[Data extracted from a collection]
=== Section Start ===

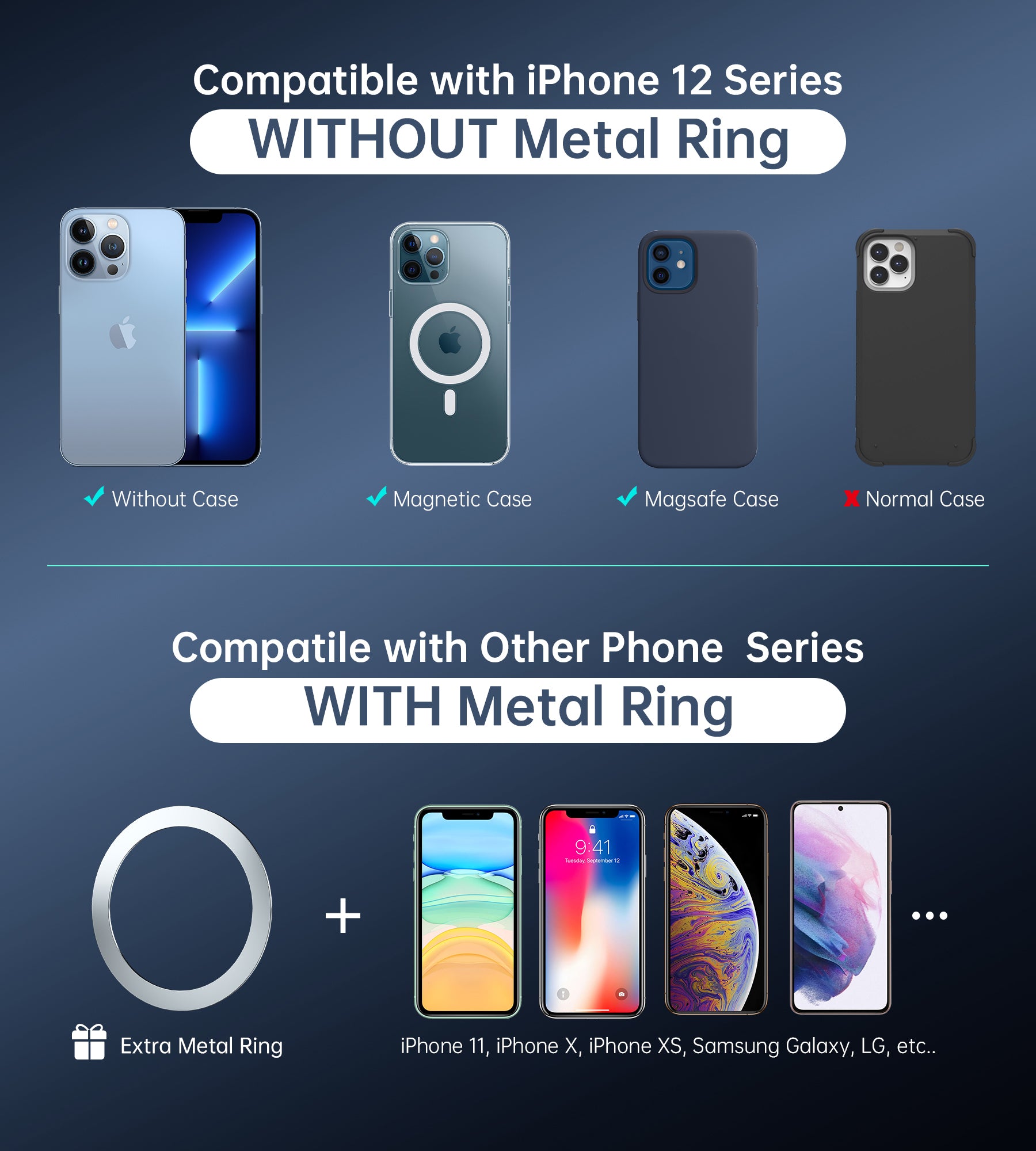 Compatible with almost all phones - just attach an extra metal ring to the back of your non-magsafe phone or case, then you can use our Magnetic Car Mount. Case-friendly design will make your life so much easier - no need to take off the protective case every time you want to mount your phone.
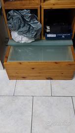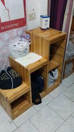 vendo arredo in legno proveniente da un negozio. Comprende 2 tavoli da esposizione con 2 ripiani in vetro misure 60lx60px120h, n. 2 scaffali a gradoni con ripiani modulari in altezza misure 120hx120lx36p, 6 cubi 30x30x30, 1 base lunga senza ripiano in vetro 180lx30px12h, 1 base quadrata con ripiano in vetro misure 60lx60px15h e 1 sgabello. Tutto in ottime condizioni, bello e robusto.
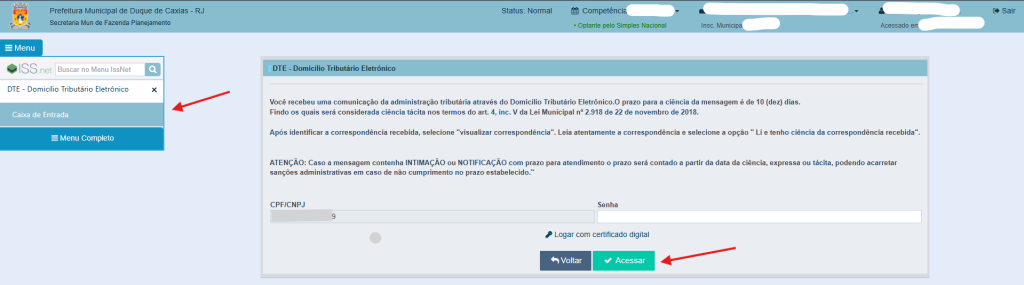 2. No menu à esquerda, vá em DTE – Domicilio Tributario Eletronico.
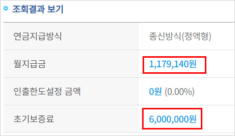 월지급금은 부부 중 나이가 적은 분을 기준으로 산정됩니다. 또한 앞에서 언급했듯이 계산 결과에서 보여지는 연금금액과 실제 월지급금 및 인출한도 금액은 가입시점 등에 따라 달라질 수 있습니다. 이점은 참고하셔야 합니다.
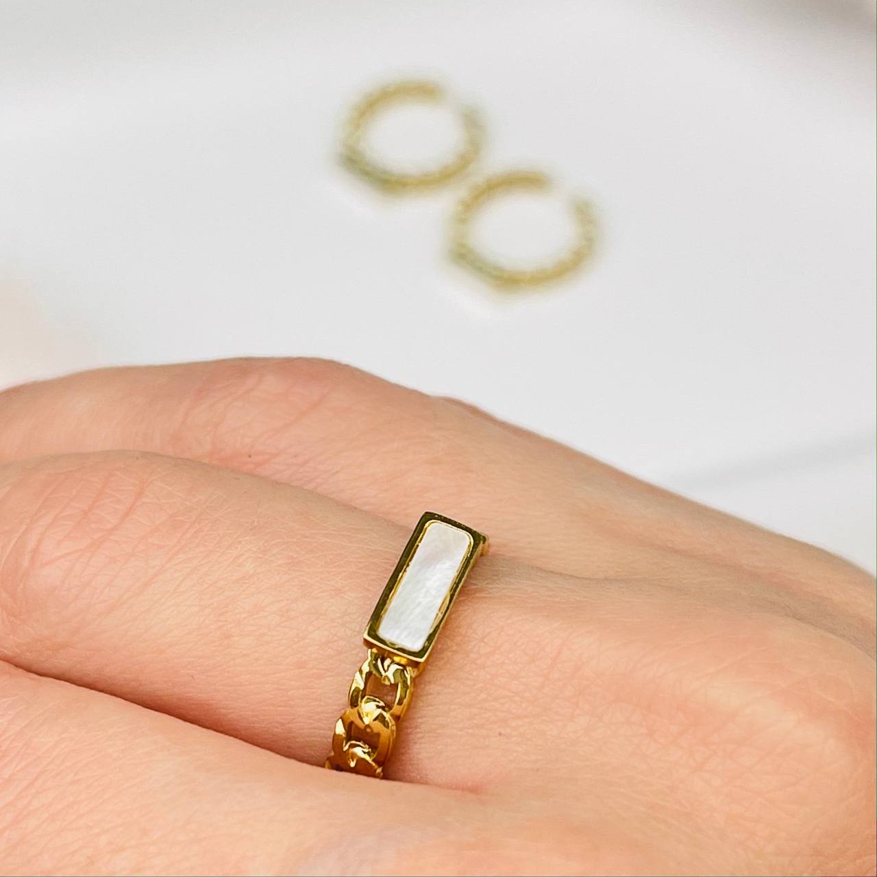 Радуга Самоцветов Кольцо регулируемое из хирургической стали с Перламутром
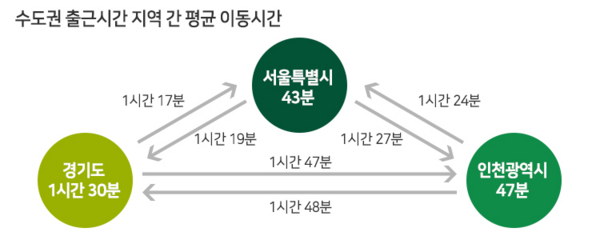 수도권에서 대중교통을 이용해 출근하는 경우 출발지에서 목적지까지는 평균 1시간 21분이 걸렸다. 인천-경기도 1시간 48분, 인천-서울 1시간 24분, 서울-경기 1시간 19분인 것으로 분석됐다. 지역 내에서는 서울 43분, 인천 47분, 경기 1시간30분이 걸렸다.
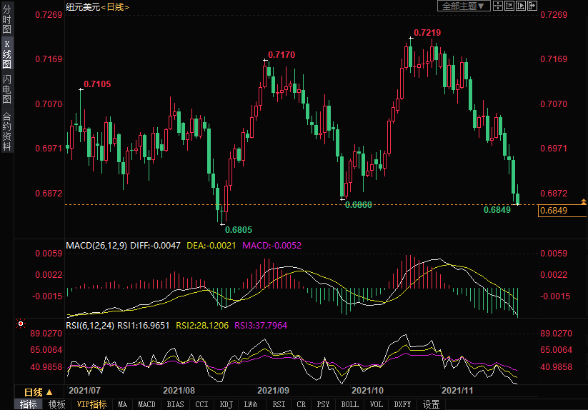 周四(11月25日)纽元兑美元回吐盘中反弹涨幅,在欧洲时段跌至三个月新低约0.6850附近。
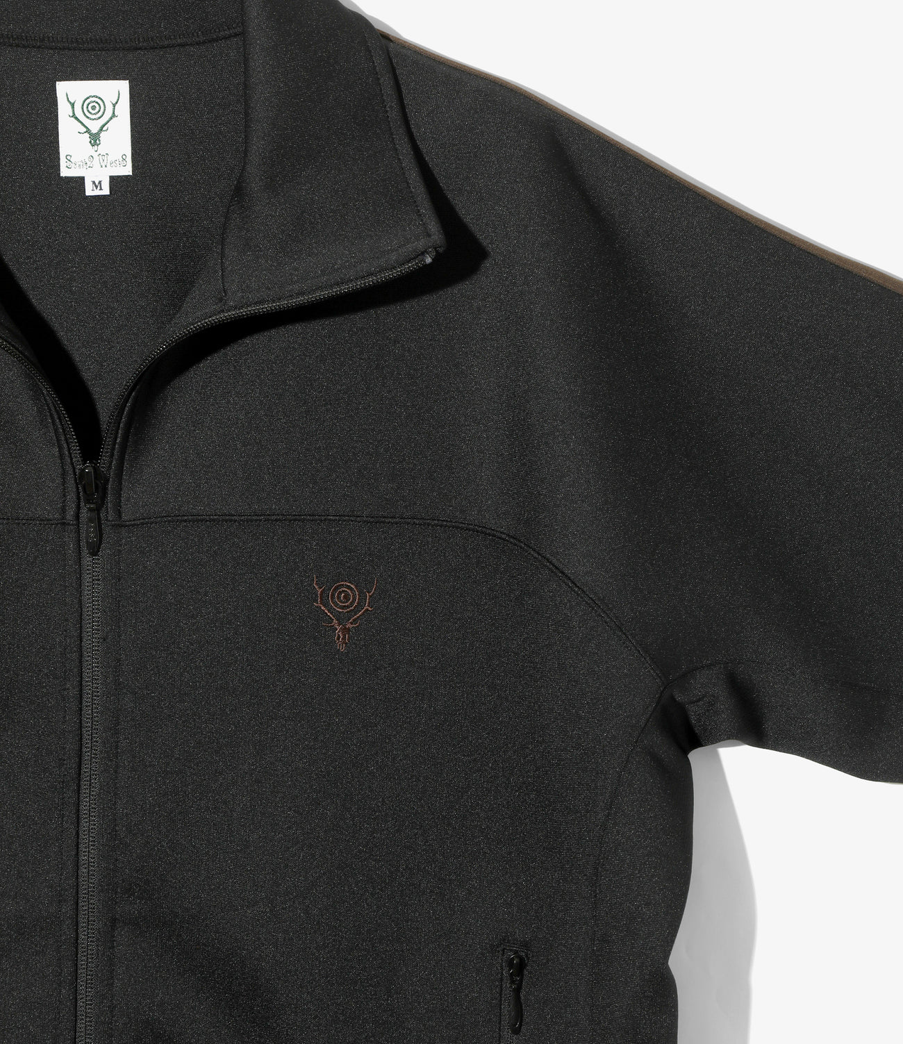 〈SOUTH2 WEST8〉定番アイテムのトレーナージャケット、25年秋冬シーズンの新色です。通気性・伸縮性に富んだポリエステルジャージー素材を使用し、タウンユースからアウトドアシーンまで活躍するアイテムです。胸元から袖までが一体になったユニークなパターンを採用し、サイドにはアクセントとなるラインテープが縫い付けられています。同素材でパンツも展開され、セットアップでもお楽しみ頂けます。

=== Section End ===

The copy should hold exactly the lines above from the one with "2. No menu à" through the one with "周四(11月25日)纽元兑美", both ends counted, and no pictures at all.

Response below -
 2. No menu à esquerda, vá em DTE – Domicilio Tributario Eletronico.
 월지급금은 부부 중 나이가 적은 분을 기준으로 산정됩니다. 또한 앞에서 언급했듯이 계산 결과에서 보여지는 연금금액과 실제 월지급금 및 인출한도 금액은 가입시점 등에 따라 달라질 수 있습니다. 이점은 참고하셔야 합니다.
 Радуга Самоцветов Кольцо регулируемое из хирургической стали с Перламутром
 수도권에서 대중교통을 이용해 출근하는 경우 출발지에서 목적지까지는 평균 1시간 21분이 걸렸다. 인천-경기도 1시간 48분, 인천-서울 1시간 24분, 서울-경기 1시간 19분인 것으로 분석됐다. 지역 내에서는 서울 43분, 인천 47분, 경기 1시간30분이 걸렸다.
 周四(11月25日)纽元兑美元回吐盘中反弹涨幅,在欧洲时段跌至三个月新低约0.6850附近。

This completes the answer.